A colpirmi fu la ferocia della sua concentrazione. Mancavano più di due settimane all’appuntamento clou della sua stagione: il Tour de France. Eppure Vincenzo Nibali da Messina – il soggetto di questa frase – saliva sui tornanti del Passo San Pellegrino tradendo un’applicazione ch’era pari alla leggerezza dei suoi movimenti e direttamente proporzionale alla smisuratezza del suo sogno: quello di vincere la maglia gialla. Nessun atleta di qualunque sport ha la certezza di diventare un giorno campione: tanti di loro, però, sognano almeno una volta di poterlo diventare. Qualcuno di questi ultimi, poi, campione lo diventa per davvero. Oggi Vincenzo si veste di giallo, sedici anni dopo l’epopea sportiva di Marco Pantani. Il mondo s’inchina, i francesi rosicano (d’altronde come farebbero ad essere tali senza rosicare per noi cugini), il ciclismo sembra riprendere vita e freschezza. L’Equipe – la bibbia dello sport francese – per lui ha coniato l’aggettivo più bello, il più italiano: “Dantesque”. Dantesco: l’Inferno, il Purgatorio, il Paradiso. Poi le stelle: quelle che chiudono le tre cantiche.
Vincere il Tour è una cosa da far girare la testa. A qualcuno – chi non ce la fa – capita che gli girino pure le scatole. A Vincenzo, invece, sembra che nulla gli sia cambiato. Tant’è che, forse, è questo il vero capolavoro che dovremmo raccontare: l’epopea di un ragazzo non ancora trentenne che, nel mezzo di una bufera di gloria e di congratulazioni anzitempo, aiuta l’Italia a tenere i piedi per terra. Come? Non dovremmo essere noi – uomini di misura e di pacatezza – a dirgli: “ragazzo, piedi per terra”, “non montarti la testa”, “un passo alla volta”? Invece no: stavolta è il vincitore a dover fare ripetizione dell’alfabeto primordiale, quello che ha reso grandi i nostri antenati: moderazione, calma, pacatezza e un passo alla volta. Ne ha fatto le spese addirittura Matteo Renzi che, sull’onda dell’euforia, dopo due settimane in cui il mondo ce lo invidiava, s’è accorto di lui e l’ha invitato a Palazzo Chigi. Risposta? «Ho risposto che potrò confermare la mia presenza solo dopo aver vinto e solo se vincerò» – ha dichiarato Nibali. Ne hanno fatto le spese grappoli di giornalisti, tutti tesi ad avviarne il processo di beatificazione sportiva: «Sono sempre il nipote di Vincenzo Nibali che negli anni ’30 andò in Australia a cercare fortuna per poi tornare a Messina e costruire una grande casa per tutta la nostra famiglia». Ne ha subito il contraccolpo chi tentava d’intravedere i margini di una possibile spettacolarizzazione del campione: nulla di nulla, nemmeno un gesto sopra le righe. Semplicemente normale. Con il “di più” di quel talento che si è trovato addosso non come provvista bensì come promessa: le promesse, però, per realizzarsi hanno bisogno di manovalanza perchè il talento, senza concentrazione, è nulla.

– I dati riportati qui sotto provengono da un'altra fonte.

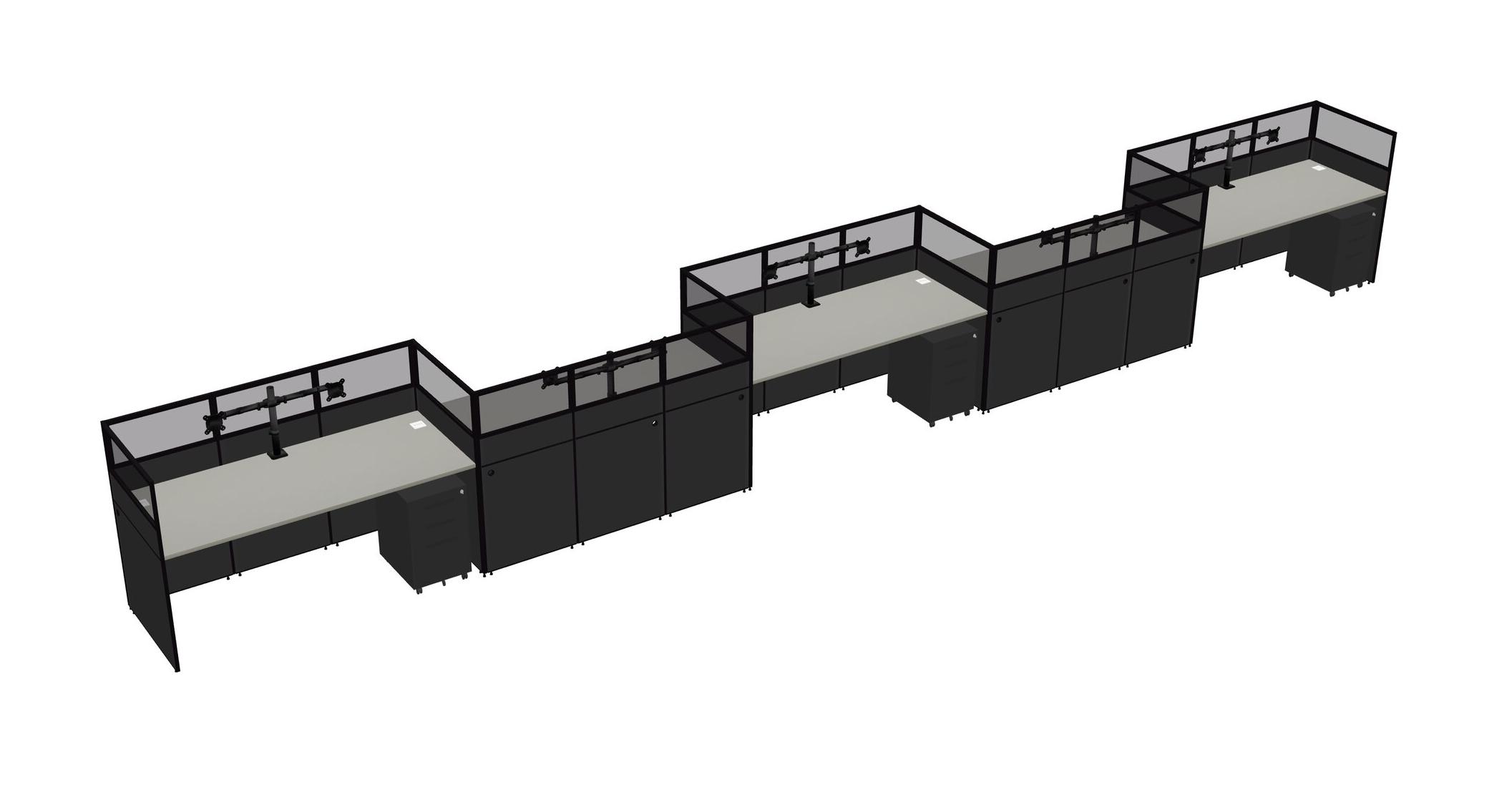 Grey Shadows Rectangular Cubicle Workstations For 5 - Zigzag Formation + Black Metal Mobile Drawers

Da Messina venne anche Antonello – Antonello da Messina, per l’appunto – al quale riuscì la difficile arte di fondere assieme luce, atmosfera e la cura del dettaglio ch’era tipica dei fiamminghi. Certi nomi sono pieni dell’esistenza di chi li ha portati prima di noi. Vincenzo somiglia ad Antonello: sembra essergli riuscita l’ardua sfida di fondere la gloria con la normalità. Curando i piccoli dettagli, quelli che fanno di una semplice opera d’arte un capolavoro che sfida la storia. Rimane un solo cruccio: quando la normalità diventa un’eccezione, che tempo farà domani? Antoine de Saint-Exupéry – lo scrittore/aviatore francese del quale ricorre in settimana il 70^ della scomparsa – s’era convinto che per risvegliare l’uomo occorreva ricordargli un segreto: «Nella vita non ci sono soluzioni. Ci sono delle forze in cammino: bisogna crearle, e le soluzioni vengono dopo». Chapeau, Nibalì: è proprio il caso di dirlo oggi. Dantesco!